Acting like you care is not enough

Let’s talk about performative activism — what it means, how to avoid it and what it does to us as a community.

Robin Doyscher, Guest Columnist

So, a lot has happened lately. There’s been administrative drama, departmental shakeups, student organizations getting geared up for the new year — we are living in unprecedented times of having so many irons in the proverbial fire. 

Last week especially saw a fair bit of hurt expressed by many members of this university community. Yes, I am in fact referring to the current presidential PR debacle that snowballed very heavily in person and on social media. And no, I’m not referring to the time Joe Biden did that thing that I’m sure 50% of the country is really, really upset at. I am instead referring to the president of our university.

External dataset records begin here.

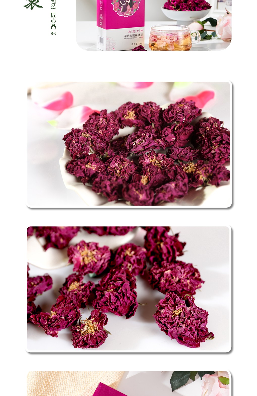 諾上花玫瑰女神20g裝玫瑰花冠低溫烘干平陰重瓣紅玫瑰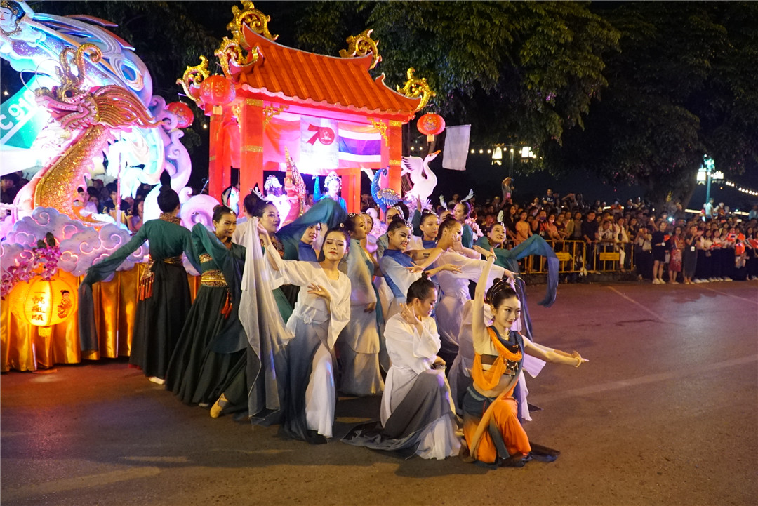 整个游行队伍从清迈塔佩门出发,途经2个多小时抵达清迈市政府广场。一路上大家都争着与花车和孔院“中国风”巡演团合照,并不断地能听到中文的欢呼以及外国人大喊CHINA,感受到了汉语“你好”的温暖与朝气,为身在异国他乡的同胞送去了一股股暖流。很多中国游客看到中国的花车,不禁轻声唱起“我和我的祖国,一刻也不能分割……”,激动和喜悦之情溢于言表。在清迈市政府广场上,孔院的“中国风”巡演团为大家带来了精彩的中国风群舞《丝路印象》,以丝路印象舞蹈结合了中国古典舞的汉唐水袖、敦煌舞等不同的表现形式,展现出中国文化的丰富多彩及深厚的底蕴。整只舞蹈以敦煌舞开场、串场,呈现了一带一路上敦煌壁画的辉煌景象,好似壁画“飞天”从壁画中走出,带来了新海上丝绸之路“一带一路”发展的新气象;身着黑白水墨飘纱的少女翩翩起舞,将中国水墨书画的飘逸与洒脱展现得淋漓尽致。而源自大唐盛世舞姿的汉唐水袖则呈现出了中国的日益强盛以及对中泰一家亲更亲的美好祝福。整个舞蹈表达了对泰国传统节日——水灯节的美好祝愿,同时祝福中泰友谊更上一层楼,舞蹈演员精彩的演绎赢得了在场观众热情的欢呼声和阵阵掌声。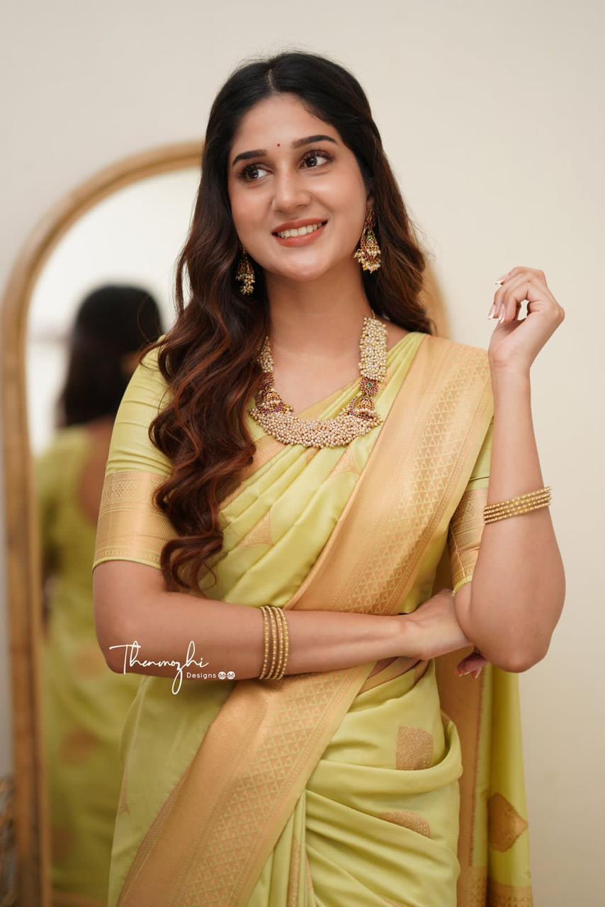 Classic Pista Lichi Silk Jacquard Work Saree
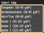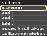 Pärast paberi vaikeseadete salvestamist ei kuvata paberi asetamisel paberi määramise kuva ja alati kasutatakse sama seadet. Kui asetate seadmesse muus formaadis või muud tüüpi paberi paberiseadeid muutmata, ei pruugi seade õigesti printida. Selle probleemi vältimiseks määrake olekuks<Määrake paberi laadimisel> ja seejärel sisestage paber.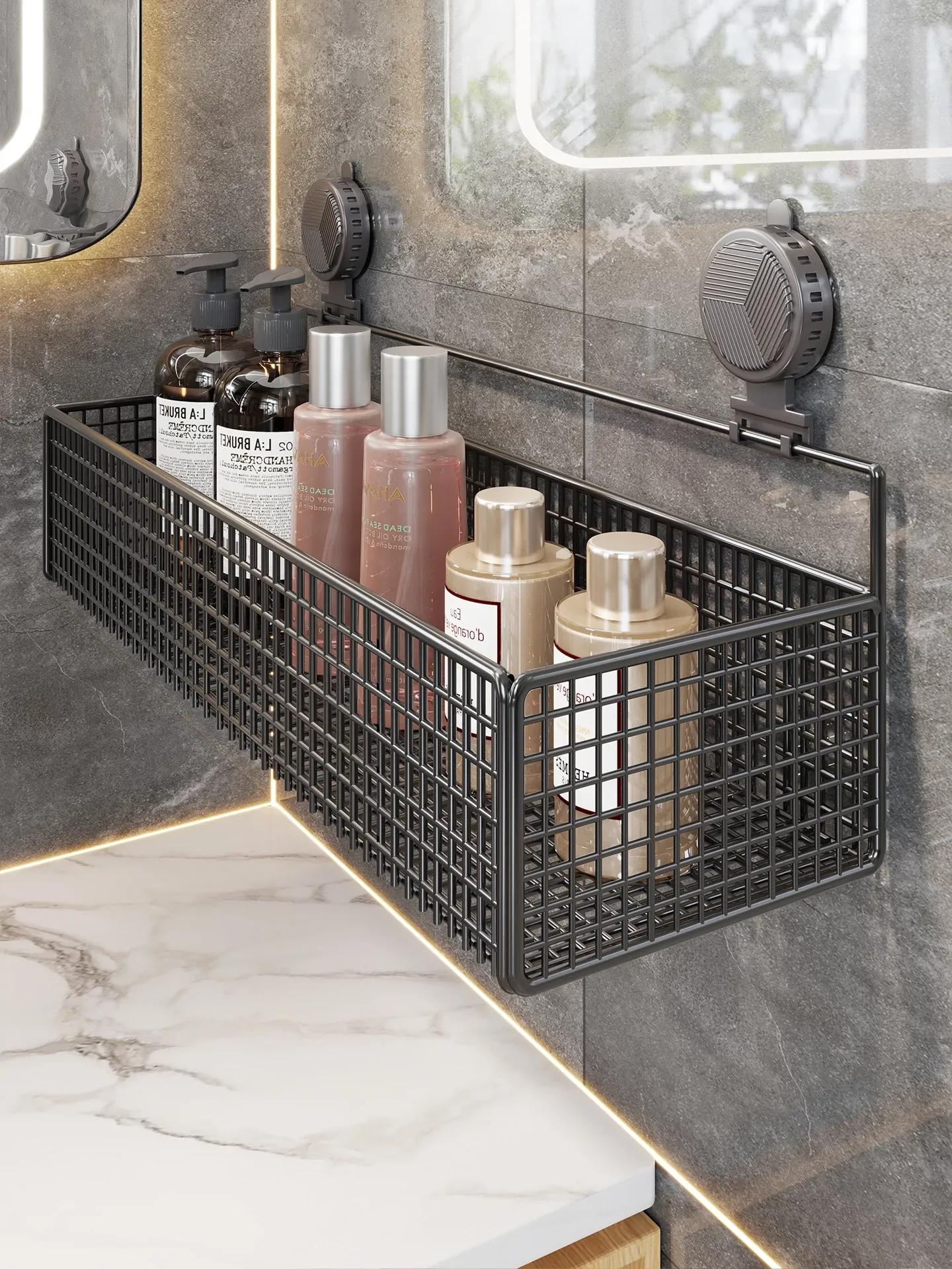 Suction Cup Bathroom Organizer - Wall-Mounted, No Drilling Required, Perfect for Storing Toiletries and Essentials in Your Washroom or Toilet!

There was a protest recently and while I hesitate to even write these words — I feel that because I am a trans woman and a person of color, this article needs to be a bit more measured than “ha ha, funny girl says silly things” like my usual columns. 

I really respect our community when it can come together towards a common goal and sometimes, that common goal is giving the finger to the actual university — and you know what? That’s great. I can get behind saying “screw you!” to the authorities but lately, I feel as though a lot of students are really missing the mark in what they’re putting their energy towards.

President Miller’s remarks were in deeply poor taste, yes. Classist? Probably. Rich people are classist, as are a lot of students that attend this very university. Hierarchies of wealth and social power don’t just disappear in college or among students, but at times I find myself feeling a little disenchanted with the way that this university handles activism. And this is an indictment moreso of the culture fostered by Hamline University than its student body.

At least once every year, this campus has hate speech incidents, racially-motivated incidents, trans and queerphobic incidents or horrific sexual assault cases, and yet so little of the general student body gathers outside of Old Main to campaign for the people suffering from these awful occurrences. 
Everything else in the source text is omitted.